Reviewer: Mary Lignor
Title: One Grave Less - 9th in the Diane Fallon Forensic Investigation series
Author: Beverly Connor
Release Date: December 2010
Year/Setting: Present/River Trail Museum of Natural History/Georgia
Overall Rating: 4.5
Sexual Content Rating: Subtle
Language (Profanity/Slang) Content Rating: Mild
Violent Content Rating: Moderate/Intense
Beverly's Website/Blog: www.beverlyconnor.com
This is the ninth book in the Diane Fallon, Forensic Anthropologist series and, I believe, the author gets better with every book.
Diane has become the head of the River Trail Museum of Natural History in Georgia. One night, while working late, Diane finds herself extremely frightened when she ears strange sounds coming from a Mayan exhibit located inside the museum. Carefully, she walks toward the exhibit, staring anxiously at the ancient Mayan ruin trying desperately to find out where on earth the "moaning" is coming from. Following the eerie sounds, Diane stumbles upon a man, Simone Brooks, lying on the floor among the ruins...covered in blood. The injured person turns out to be a former worker who worked with Diane during a time in her life when she was working as a human rights activist in South America.
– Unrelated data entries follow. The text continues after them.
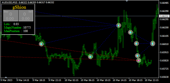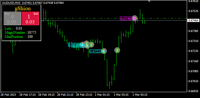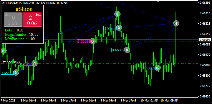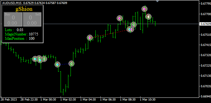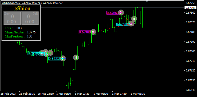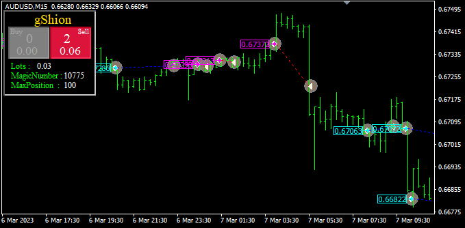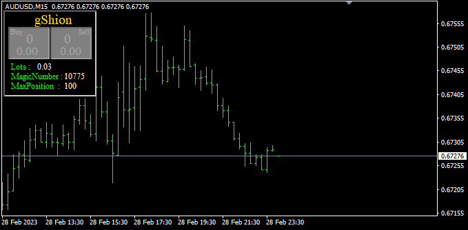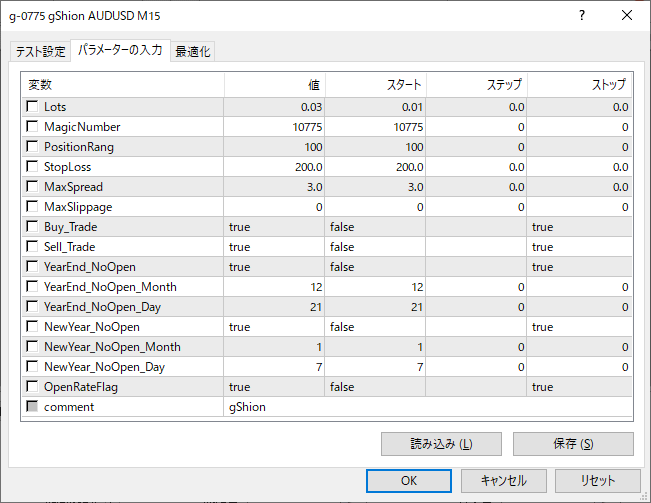 ----- ----- ----- gShion (ジー・シオン) AUDUSD M15 期間 : 2年間 Lots : 0.03 (小ロットで実施) ----- ----- ----- 最大ポジション保有数 (Sell) : 7 最大ポジション保有数 (Buy) : 15 同時最大ポジション保有数 (Buy+Sell) : 17 ----- ----- ----- 初期証拠金:1000000 最終証拠金:1216891 取引回数:2493 プロフィットファクタ:1.32 ----- ----- ----- 取引回数(Buy) :1300 取引回数(Sell):1193 勝ち取引回数:2012 負け取引回数:481 最大連勝数:36 最大連敗数:4 平均連勝:5 平均連敗:1 勝トレード最高額:6559 最大DD:101580 最大DD(%):8.76 相対DD:101580 相対DD(%):8.76 ----- ----- ----- ◆パラメーター MagicNumber:マジックナンバー Lots:ロットの数値 PositionRang: StopLoss:ストップロス値 MaxSpread:スプレッド最大値 MaxSlippage:スリッページの値 Buy_Trade: Sell_Trade: TimeOut_From_H:エントリーしない開始時間のHourの値 TimeOut_From_M :エントリーしない開始時間のMinuteの値 TimeOut_To_H :エントリーしない終了時間のHourの値 TimeOut_To_M :エントリーしない終了時間のMinuteの値 Comment :MT4下部の取引コメント欄に表示させる文字
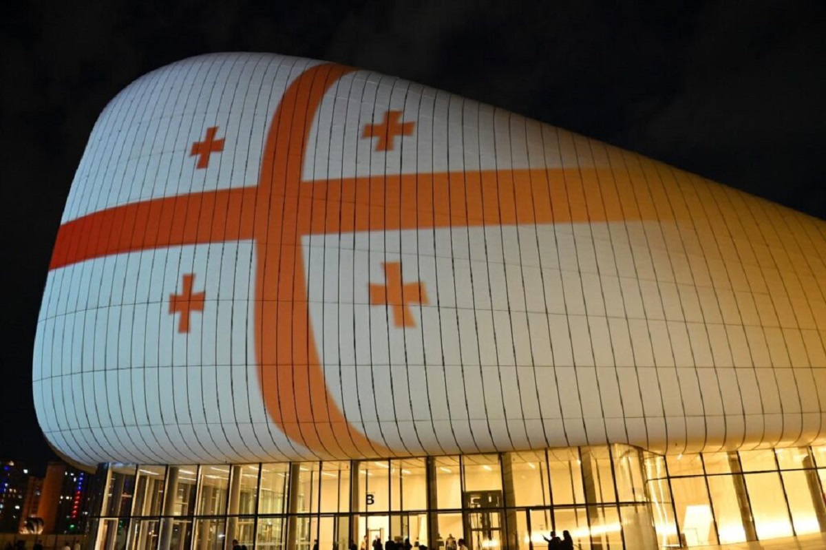 ბაქოში ჰეიდარ ალიევის ცენტრი საქართველოს დროშის ფერებში განათდა
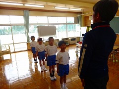 ↓ 1年生体育 並び方の練習です。1列に上手に並ぶことができました。

The man is grasping a child's femur (leg bone) in his hands and speaks very softly, alerting Diane to the fact that, "It was one of us." Then, without another word, Simone Brooks dies. All alone, Diane finds herself suddenly embroiled in a hideous secret that includes a dead body, a child's leg bone, and a message that couldn't be more mysterious. The investigation immediately draws Diane into the past, to a time when World Accord International was her life. She needs to solve this investigation quickly, before her own human rights are infringed upon.
This tale will grab you right from the beginning. It was a difficult book to read as there is much scientific information to absorb but, the author is so good at describing scenes that you will be able to figure it out. The story coils around like a snake and there is much detail of anthropological work. However, the author is smart, funny and true to her subject. I 'm immediately going on Amazon to find all the titles in this series. I many have missed one along the way, but I plan to remedy that in the very near future. So, enjoy and I'll talk to you soon.